Ostatnio przebiegam tylko wzrokiem mój blog, a i moje odwiedziny na innych blogach są bardzo rzadkie.
Rozpoczęłam sezon przetworowy ......dobrze, że chociaż udaje mi się czytać. Ten czas ma tę zaletę, że przygotowując sobie owoce oglądam filmy z czym w ciągu roku bywa kiepsko.
Pół roku za nami ......lato jakby nam już minęło darząc słońcem ponad miarę, ale znów powraca co cieszy, bo jesień niech będzie w jesieni.........
Przez minione pół roku udało mi się przeczytać 21 książek, w tym dwie "przeczytałam" przez wysłuchanie. A co czytałam obrazuje moja półka na LC. Kto ciekaw co czytałam może zajrzeć....zapraszam. Osiągnęłam w ten sposób średnią 3 koma coś tam na miesiąc i obym taką utrzymała do końca roku....to będzie dobrze.
W zasadzie każdą z przeczytanych książek mogę polecić, bo to były bardzo dobre lektury, ale bezsprzecznie największe wrażenie na mnie zrobiły wspomnienia Franka McCourta, które dostarczyły mi wiele różnych emocji a także były źródłem sporej wiedzy o życiu Irlandczyków u siebie i w Ameryce w XX wieku.
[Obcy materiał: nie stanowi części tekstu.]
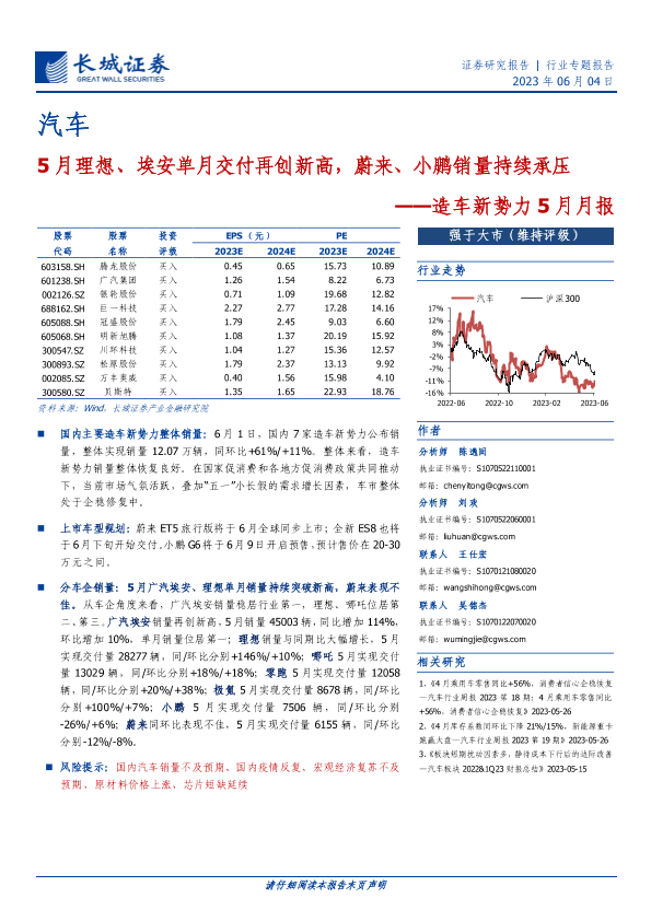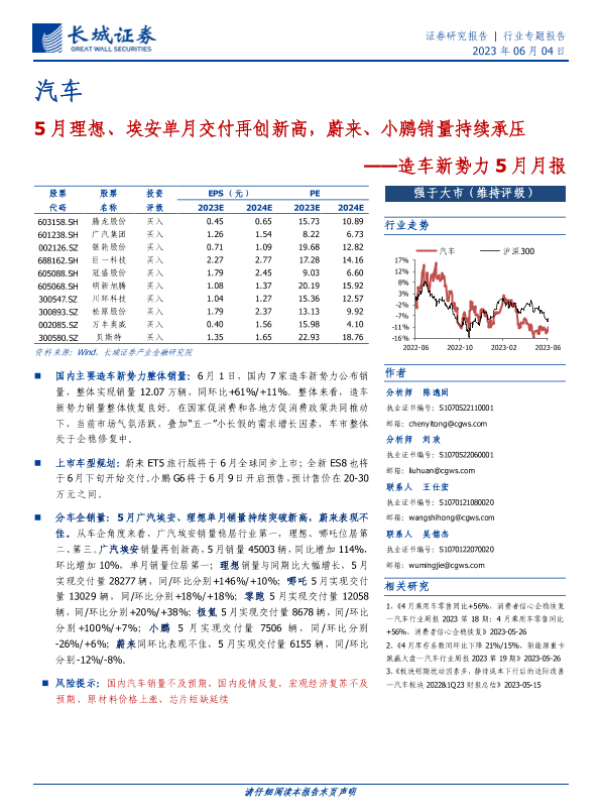 【长城证券】【20230604】20230604-长城证券-汽车行业造车新势力5月月报:5月理想、埃安单月交付再创新高,蔚来、小鹏销量持续承压-11页

A styl w jakim książki zostały napisane sprawił, że poświęcałam im każdą wolną chwilę. To historia, która na długo pozostanie w mojej pamięci.
Jak to widać na blogu pisanie o przeczytanych książkach zupełnie mi nie idzie......i obawiam się, że chyba tak już zostanie....przynajmniej na razie.
W czerwcu jedną z niedziel spędziliśmy między innymi w Krakowie. Miałam okazję do zrobienia wielu zdjęć i kiedyś może część ich na blogu pokażę a dzisiaj tylko te związane z książkami. Idąc pieszo od Galerii Kraków na Wawel na ulicy św. Marka zwróciłam uwagę oczywiście na antykwariat. Nie wchodziłam do niego, gdyż nie było na to czasu a poza tym ja przecież w tym roku nie kupuję książek.....
......chociaż, gdy mijaliśmy, przechodząc ulicą Grodzką, Skład Tanich Książek nie powstrzymałam się, by sprawdzić czy mają książkę Janiny Lesiak, którą zauważyłam na Dedalus.pl...tu mogłam, przy okazji, kupić ją bez dodatkowych kosztów.
źródło zdjęcia |
Złamałam swoje postanowienie i w ten sposób powiększył się mój zbiór książek Janiny Lesiak do dwu pozycji :
A teraz tylko czytać, ale kolejka oczekujących długa....
______________________
Zdjęcia okładek książek pochodzą ze stron lubimyczytać.pl.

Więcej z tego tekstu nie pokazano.